4. Kąpiele solankowe
Wieczorem po treningu spróbuj kąpieli solankowej, która uzupełni utracone w trakcie wysiłku jony, a gorąca woda wpłynie na przekrwienie mięśni, co wspomoże odżywienie i dotlenienie tkanek. Aromatyczna kąpiel Cię zrelaksuje, pomagając organizmowi przestawić się na tryb odpoczynku. Badania wykazały, że gorąca kąpiel lub prysznic przed położeniem się do łóżka wspomagają sen, a w jego trakcie dochodzi do intensywniej syntezy białek i wzmożonych procesów regeneracji. Efekty poczujesz na następnym treningu.
Jak przeżyć dzień po?
„Większość osób kojarzy regenerację jako nic nierobienie, leżenie i odpoczywanie, a tak nie powinno być” – podkreśla fizjoterapeuta Michał Dachowski. Dużo lepszym rozwiązaniem jest aktywna regeneracja i choć pojęcie to może brzmieć nieco sprzecznie, to pewna dawka ruchu dla odpoczynku ma pełne uzasadnienie. „Aktywna regeneracja to wysiłek o dużo mniejszej intensywności lub/i używanie kompletnie innych partii mięśniowych w czasie, który poświęcamy na regenerację. Taka mała aktywność bardzo pomaga w odbudowaniu mięśni, ich odżywieniu i tzw. pompie mięśniowej, która wspomaga procesy regeneracji potreningowej”. Aktywna regeneracja przez pobudzenie krążenia dba o odżywienie mięśni i pozbycie się ubocznych produktów wysiłku, pomaga zmniejszyć bolesność mięśni, utrzymać naszą mobilność i elastyczność. Kluczem jest tu jednak intensywność: ma być niska. To wystarczy, aby osiągnąć cel, a nie doprowadzić do kolejnych uszkodzeń i pogłębienia zmęczenia. Postaw na spacer, rower, basen albo jogę przez mniej więcej 30 minut. Wybierz inną aktywność (lub angażującą inne partie mięśni) niż ta, która doprowadziła do zmęczenia.
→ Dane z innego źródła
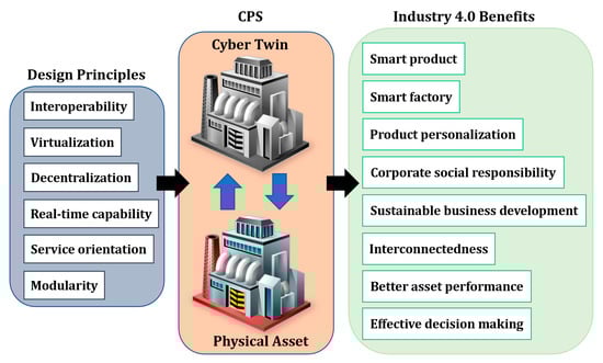 This design principle refers to two different scenarios. First is the case where one virtual resource is created from multiple physical resources, and in the second scenario, many virtual resources are created from one or more physical resources. In the former, the physical assets are simulated through the development of component and system-based digital twins or CPS [117]. In the latter, the software is used to divide one physical server into multiple virtual servers that act like unique physical devices. Digital twins can serve a variety of purposes, e.g., performance optimization, visualizing different scenarios, and real-time control. This provides the benefits of extending equipment life, identifying system inefficiencies, and reducing operational, as well as maintenance, costs [118,119]. CPS also allows the same opportunities by collating sensor data, analysis, and decision making through the use of decentralized control circuits [120]. Besides, virtual reality (VR) has also proven to be a useful tool for workforce training, improving their performance, guiding maintenance, and assembly tasks [121,122]. A combination of VR and AR with mobile devices provides stakeholders (employees and customers) with more insight into the detailed design of products and allows better process tracking [123,124,125]. Virtualization enables virtual system building, factory data virtualization, virtual modelling language, and virtual interfacing with digital twins as well as CPS [101].

Gadżety na ratunek mięśniom
Roller
Na początek najbardziej odpowiednia jest klasyczna, płaska rolka o średnim lub małym poziomie twardości, np. Blackroll Standard (149,99 zł).
Piłka
Tam, gdzie nie dociera rolka, w rozluźnianiu pomoże piłka do ucisku i precyzyjnego automasażu wybranych partii ciała, np. Blackroll 12 (59,99 zł).
Masażer
Przenośne urządzenia do masażu wibracyjnego mają kilka poziomów intensywności i kilka głowic, zwiększających precyzję masażu, np. Hypervolt Hyperice (1699 zł).